# First Time Doing a Cycle



## herefishyfishyfishy (Nov 28, 2015)

Good morning everyone! So I started my first cycle last night on my 36 gallon. I used about 1 teaspoon of fish flakes since I had no access to pure ammonia. My question is, would it be ok to switch to ammonia if i can find it? Or do I have to continue with the flakes since that's what I put in yesterday? Will adding pure ammonia on top of the food make the levels skyrocket beyond control? I know cycling takes a while, I just don't want to continue with flakes if that takes so much longer than using ammonia. Thanks for your help!


----------



## Chillwill007 (Aug 20, 2010)

Yea doing it with food takes lot longer. And it doesn't matter if you switch. Other thing that I think k is much easier is to just drop a frozen shrimp in there but in a mesh bag or pantyhose.
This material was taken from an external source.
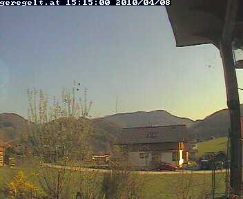 Blick von der Sonnensiedlung in der Dorf Au in Richtung Südost. Webcam auf ca. 356 Meter Seehöhe. (Quelle: http://www.geregelt.at/webcam/)

That way your not having to remember to put something in. When I did that I just put it in and waited till it was all dissolved and mucusy to even start checking.


----------



## Summer (Oct 3, 2011)

You can switch. Just about any dollar store will have pure ammonia in their cleaning section for a dollar or two.


----------



## Summer (Oct 3, 2011)

Also know people who toss a raw piece of shrimp in to kick start things


----------



## herefishyfishyfishy (Nov 28, 2015)

Well after an hour & half of driving around town, I finally found ammonia!! I put it in my tank almost 2 hours ago & I've got a reading! .5 ppm


----------



## Summer (Oct 3, 2011)

you want to dose it to read 4ppm


----------



## herefishyfishyfishy (Nov 28, 2015)

It's at 4 now! So I guess now I wait.


----------



## Summer (Oct 3, 2011)

Its a tedious process, I usually break it up by planting and scaping, but since you're all "I hate green" I guess you have a month or so off waiting  (just pickin on ya) If you want to speed it up get some used filter media from a known source (somewhere you're sure doesnt have diseases--not petco or walmart) and you can cycle basically in a day or so


----------



## herefishyfishyfishy (Nov 28, 2015)

I'll definitely look into that. I don't know anyone with a tank & all I have in my town is petsmart/petco. I did get some seachem stability which claims to introduce bacteria quickly. I'll used it last night & tonight. We'll see how that works. & in the meantime I'm researching fish compatibility.


----------



## Summer (Oct 3, 2011)

This is a subject of many a debate, But I truly dont trust bacteria in a bottle gimmicks. Just be sure your tank shows 0 ammonia, 0 nitrite before you become a believer.


----------



## herefishyfishyfishy (Nov 28, 2015)

I figured what the hey. There's no fish in there for me to kill so why not. So now that I've got ammonia & "bacteria" how long should I expect before I see nitrite levels?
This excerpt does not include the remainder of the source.